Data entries
......

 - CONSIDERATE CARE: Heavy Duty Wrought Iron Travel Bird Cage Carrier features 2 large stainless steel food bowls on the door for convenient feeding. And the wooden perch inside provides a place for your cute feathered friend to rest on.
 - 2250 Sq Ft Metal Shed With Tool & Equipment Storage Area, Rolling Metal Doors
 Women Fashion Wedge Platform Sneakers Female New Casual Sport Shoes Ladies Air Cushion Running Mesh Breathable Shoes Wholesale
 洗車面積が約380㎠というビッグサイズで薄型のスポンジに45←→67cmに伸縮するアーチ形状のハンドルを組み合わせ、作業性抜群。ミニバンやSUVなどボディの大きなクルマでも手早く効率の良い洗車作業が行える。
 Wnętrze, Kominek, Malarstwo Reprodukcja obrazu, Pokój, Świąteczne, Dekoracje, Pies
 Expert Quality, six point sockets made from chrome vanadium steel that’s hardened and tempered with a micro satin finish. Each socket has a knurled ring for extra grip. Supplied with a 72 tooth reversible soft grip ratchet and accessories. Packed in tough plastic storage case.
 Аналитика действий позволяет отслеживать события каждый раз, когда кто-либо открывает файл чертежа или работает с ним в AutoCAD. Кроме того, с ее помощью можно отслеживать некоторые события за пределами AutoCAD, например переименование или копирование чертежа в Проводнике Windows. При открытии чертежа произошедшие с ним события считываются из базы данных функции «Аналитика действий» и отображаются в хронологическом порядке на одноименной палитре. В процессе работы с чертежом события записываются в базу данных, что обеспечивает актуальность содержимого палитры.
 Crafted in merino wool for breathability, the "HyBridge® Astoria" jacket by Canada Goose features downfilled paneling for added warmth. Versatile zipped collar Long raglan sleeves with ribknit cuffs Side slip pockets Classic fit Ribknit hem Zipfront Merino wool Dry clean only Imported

......

■ Exercise brief
Transcribe every record exactly, keeping each line as it is.

■ Exercise answer
 - CONSIDERATE CARE: Heavy Duty Wrought Iron Travel Bird Cage Carrier features 2 large stainless steel food bowls on the door for convenient feeding. And the wooden perch inside provides a place for your cute feathered friend to rest on.
 - 2250 Sq Ft Metal Shed With Tool & Equipment Storage Area, Rolling Metal Doors
 Women Fashion Wedge Platform Sneakers Female New Casual Sport Shoes Ladies Air Cushion Running Mesh Breathable Shoes Wholesale
 洗車面積が約380㎠というビッグサイズで薄型のスポンジに45←→67cmに伸縮するアーチ形状のハンドルを組み合わせ、作業性抜群。ミニバンやSUVなどボディの大きなクルマでも手早く効率の良い洗車作業が行える。
 Wnętrze, Kominek, Malarstwo Reprodukcja obrazu, Pokój, Świąteczne, Dekoracje, Pies
 Expert Quality, six point sockets made from chrome vanadium steel that’s hardened and tempered with a micro satin finish. Each socket has a knurled ring for extra grip. Supplied with a 72 tooth reversible soft grip ratchet and accessories. Packed in tough plastic storage case.
 Аналитика действий позволяет отслеживать события каждый раз, когда кто-либо открывает файл чертежа или работает с ним в AutoCAD. Кроме того, с ее помощью можно отслеживать некоторые события за пределами AutoCAD, например переименование или копирование чертежа в Проводнике Windows. При открытии чертежа произошедшие с ним события считываются из базы данных функции «Аналитика действий» и отображаются в хронологическом порядке на одноименной палитре. В процессе работы с чертежом события записываются в базу данных, что обеспечивает актуальность содержимого палитры.
 Crafted in merino wool for breathability, the "HyBridge® Astoria" jacket by Canada Goose features downfilled paneling for added warmth. Versatile zipped collar Long raglan sleeves with ribknit cuffs Side slip pockets Classic fit Ribknit hem Zipfront Merino wool Dry clean only Imported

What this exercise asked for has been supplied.